Cunha escreveu, numa longa introdução a No mundo da ficção científica (Summus), de L. David Allen – “A ficção científica no Brasil, um planeta quase desabitado” – que esse filão, “a exemplo da ficção policial e de mistério, é um gênero tipicamente anglo-americano. Quem percorre catálogos, revistas e livrarias observa que os autores americanos e ingleses respondem por 90% ou mais da produção publicada nessas áreas”.

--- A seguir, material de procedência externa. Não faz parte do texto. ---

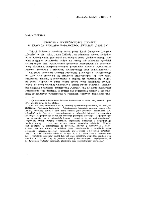 Problemy wytwórczości ludowej w pracach Zakładu Badawczego Związku "Cepelia" / ETNOGRAFIA POLSKA 1975 t.19 z.2
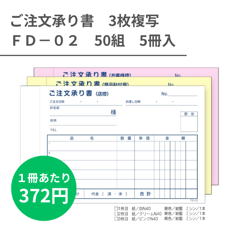 FD-02 ご注文承り書 3枚複写x50組 5冊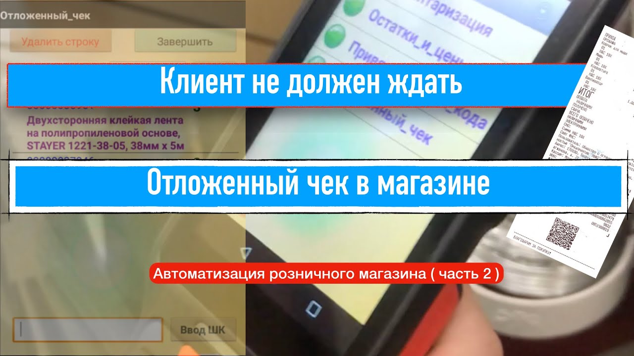 Предыдущее видео описывающее работу со штрих кодами в магазине: https://youtu.be/Xs_BFwfeMJI В рамках автоматизации сети розничных магазинов был внедрен механизм формирования отложенного чека в 1С с терминала сбора данных или телефона. AllegroSoft - канал об автоматизации бизнеса ★Автоматизация магазина и склада, работа с маркировкой. ★Загрузка данных на ТСД из 1с. ★Ускорение комплектации и сбора заказов на 50%. ★Ускорение инвентаризации склада на 70%. ★Возможность автоматизации “ручных” процессов на складе/магазине. Заходите, смотрите и подписывайтесь на канал! Мы в интернете: ➧ Сайт - https://allegrosoft.ru/ ➧ Landing Page - https://sznak.ru/ ➧ Почта - info@allegrosoft.ru ➧ Телефон - +7 (499) 213-02-73 Наш канал: https://www.youtube.com/channel/UC-nZetl2JpigBRnS9rdmObQ

Pelo menos dois trabalhos recentes sugerem alguma ampliação da ficção científica no Brasil. Um deles é Ficção científica, fantasia e horror no Brasil – 1875/1950 (Editora UFMG), projeto de iniciação científica posteriormente publicado como livro por Roberto de Sousa Causo, em 2003. Significativo também é que a iniciação científica tenha sido custeada com bolsa concedida pela Fundação de Amparo à Pesquisa do Estado de São Paulo (Fapesp), coisa que nem o beneficiado por ela acreditava possível. Causo diz que um desses pareceristas anônimos, capazes de romper com certo tradicionalismo do que pode e deve ser beneficiado com recursos públicos, foi fundamental para a concessão da bolsa que resultou no livro.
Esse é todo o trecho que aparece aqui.